[Source records]
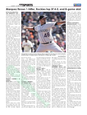 PHILLIES 3, MARLINS 1, 14 gle but finished out his first and six hits in six innings. Tyler O’Neill also homered Arizona beat San Diego
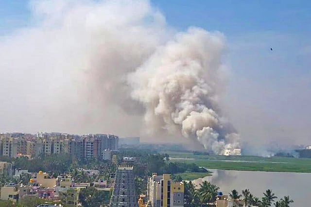 The CEO of Karnataka Lake Conservation and Development Authority Seema Garg, however, told TNM, "There is no need to panic. The majority of the fire has been doused by fire department officials. Now the fire is under control. Officials of the KLCDA are there on the spot."
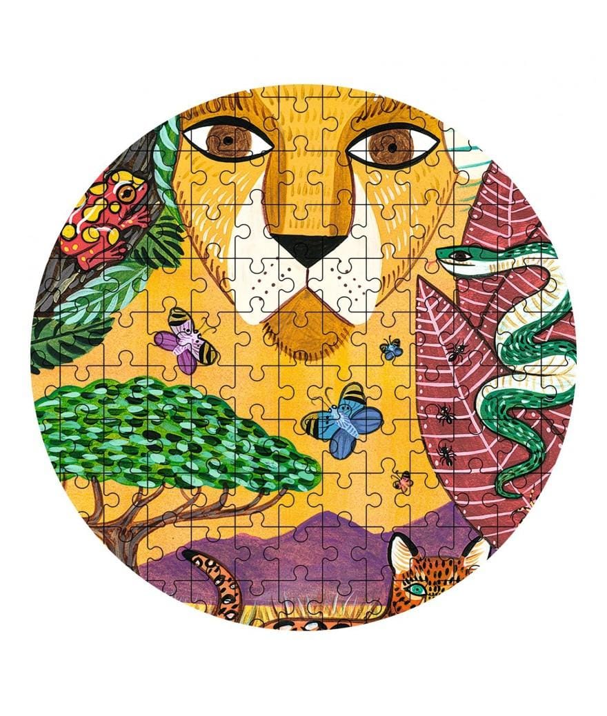Ontdek de wilde wereld van de savanne met de unieke Djeco puzzel Leeuw! Deze puzzel van 350 stukjes heeft een bijzondere vorm: het silhouet van een leeuw. Terwijl je de puzzel in elkaar zet, ontdek je een levendige wereld vol kleurrijke dieren, van giraffes en zebra's tot slangen en vlinders. De meegeleverde poster helpt je bij het leggen van de puzzel en is daarna een prachtig decoratief element voor je kamer.
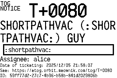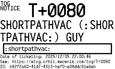 Orbit eTOG Listing Service: T+0080 SHORTPATHVAC (:SHORTPATHVAC:) GUY
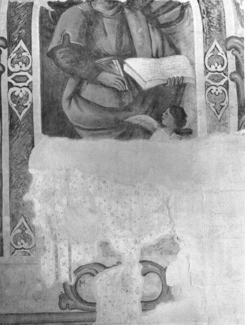 San Matteo è accompagnato da un angelo. Con la mano destra regge il Vangelo che sembra stia scrivendo con la sinistra. Purtoppo si è persa la parte superiore ed inferiore del Santo
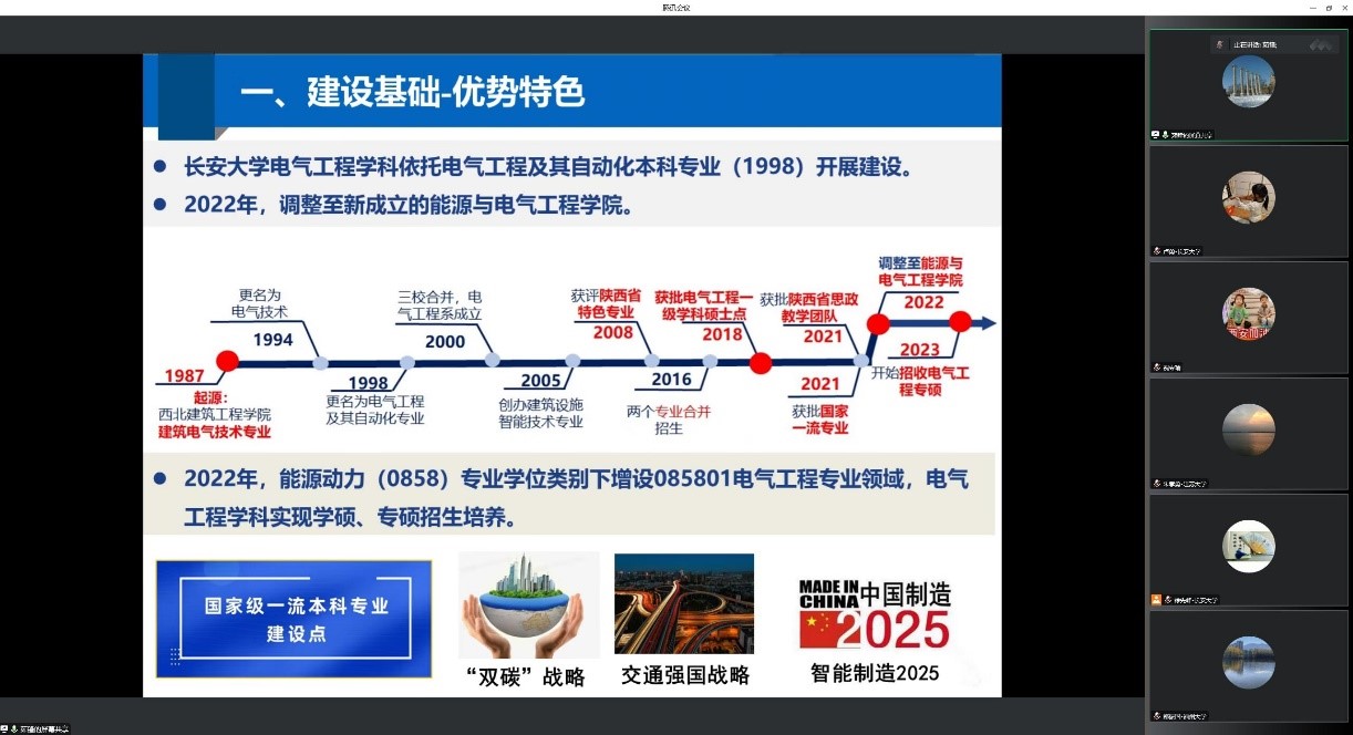 2022年12月18日下午,taptap点点体育官网组织召开长安大学第二轮“双一流”建设电气工程学科建设方案专家论证会,本次论证会采用了线上视频会议形式。专家组由西安交通大学祝令瑜教授、福州大学邵振国教授、郑州大学蒋建东教授、西安理工大学贾嵘教授和江苏大学朱孝勇教授等五位专家组成。taptap点点体育副院长段晨东教授、副院长茹锋教授及电气工程系相关教师参加了会议。
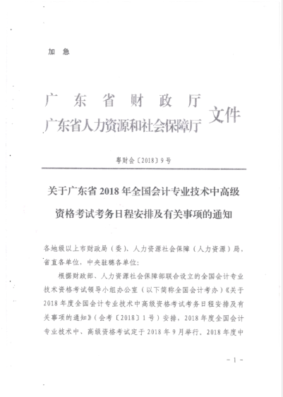转发关于广东省2018年全国会计专业技术中高级资格考试考务日程安排及有关事项的通知
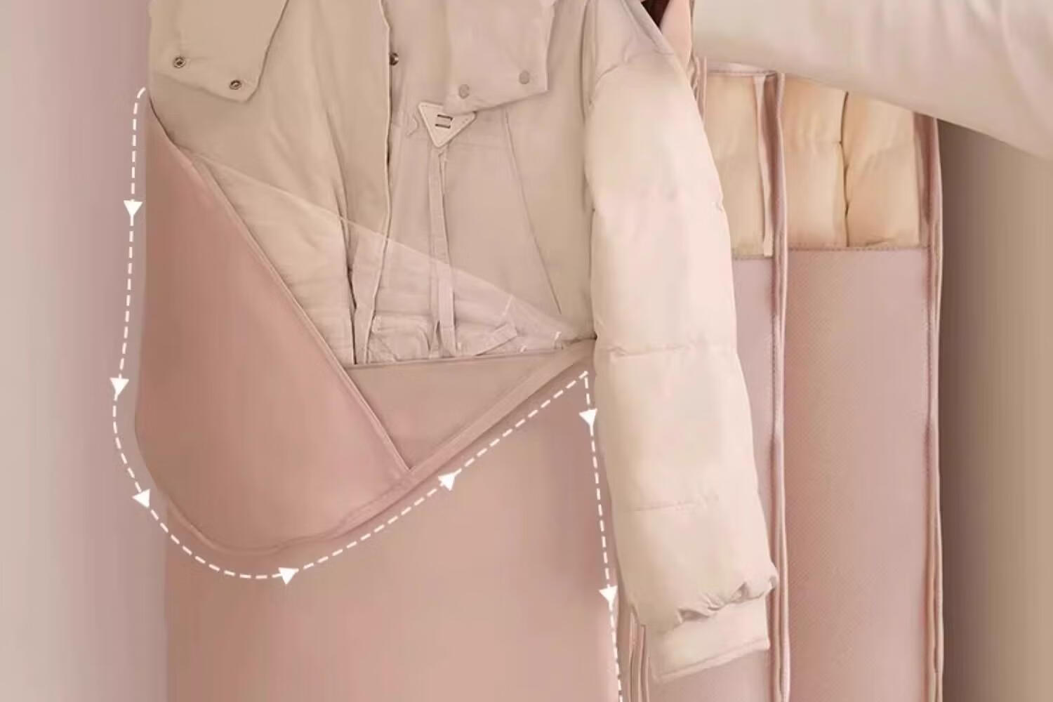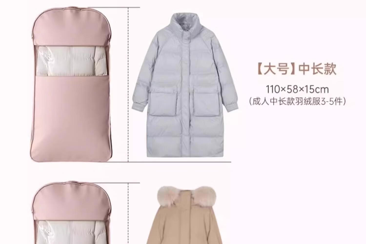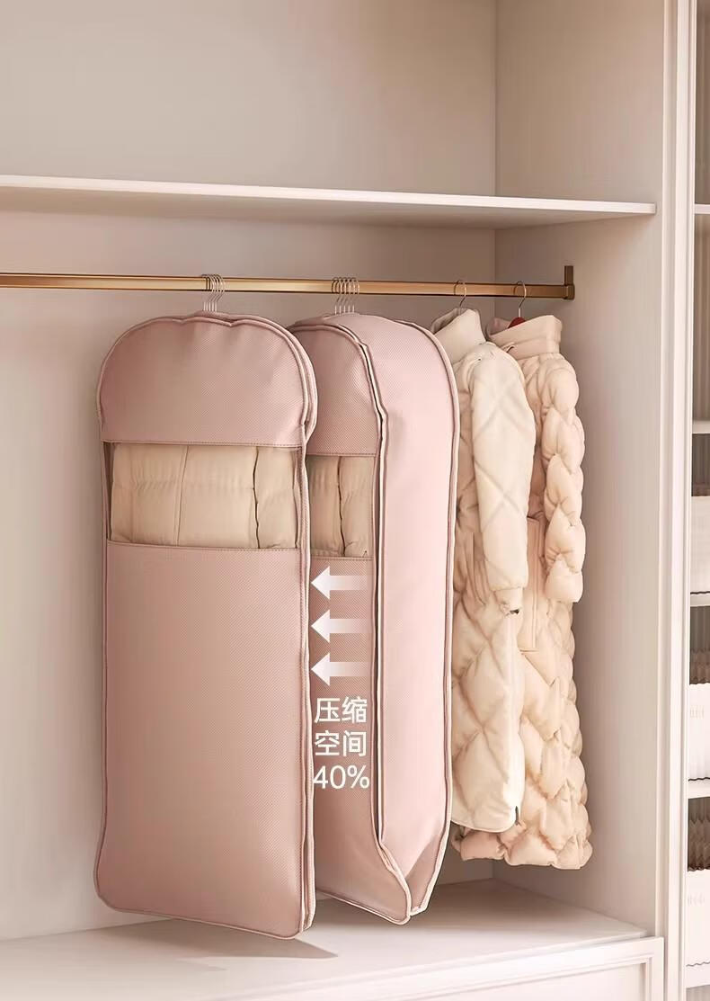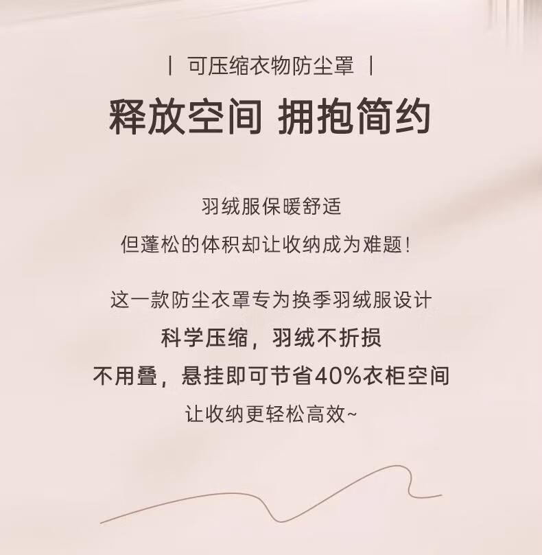 首力收纳袋羽绒服专用挂式免抽气衣服挂衣压缩袋子家用大衣西服防尘罩 压缩防尘罩-杏仁白-无纺布短款-【90*58*15cm】
[/Source records]
About this task. Produce a verbatim copy of every entry, excluding pictures.

Solution to the problem.
 PHILLIES 3, MARLINS 1, 14 gle but finished out his first and six hits in six innings. Tyler O’Neill also homered Arizona beat San Diego
 The CEO of Karnataka Lake Conservation and Development Authority Seema Garg, however, told TNM, "There is no need to panic. The majority of the fire has been doused by fire department officials. Now the fire is under control. Officials of the KLCDA are there on the spot."
Ontdek de wilde wereld van de savanne met de unieke Djeco puzzel Leeuw! Deze puzzel van 350 stukjes heeft een bijzondere vorm: het silhouet van een leeuw. Terwijl je de puzzel in elkaar zet, ontdek je een levendige wereld vol kleurrijke dieren, van giraffes en zebra's tot slangen en vlinders. De meegeleverde poster helpt je bij het leggen van de puzzel en is daarna een prachtig decoratief element voor je kamer.
 Orbit eTOG Listing Service: T+0080 SHORTPATHVAC (:SHORTPATHVAC:) GUY
 San Matteo è accompagnato da un angelo. Con la mano destra regge il Vangelo che sembra stia scrivendo con la sinistra. Purtoppo si è persa la parte superiore ed inferiore del Santo
 2022年12月18日下午,taptap点点体育官网组织召开长安大学第二轮“双一流”建设电气工程学科建设方案专家论证会,本次论证会采用了线上视频会议形式。专家组由西安交通大学祝令瑜教授、福州大学邵振国教授、郑州大学蒋建东教授、西安理工大学贾嵘教授和江苏大学朱孝勇教授等五位专家组成。taptap点点体育副院长段晨东教授、副院长茹锋教授及电气工程系相关教师参加了会议。
转发关于广东省2018年全国会计专业技术中高级资格考试考务日程安排及有关事项的通知
 首力收纳袋羽绒服专用挂式免抽气衣服挂衣压缩袋子家用大衣西服防尘罩 压缩防尘罩-杏仁白-无纺布短款-【90*58*15cm】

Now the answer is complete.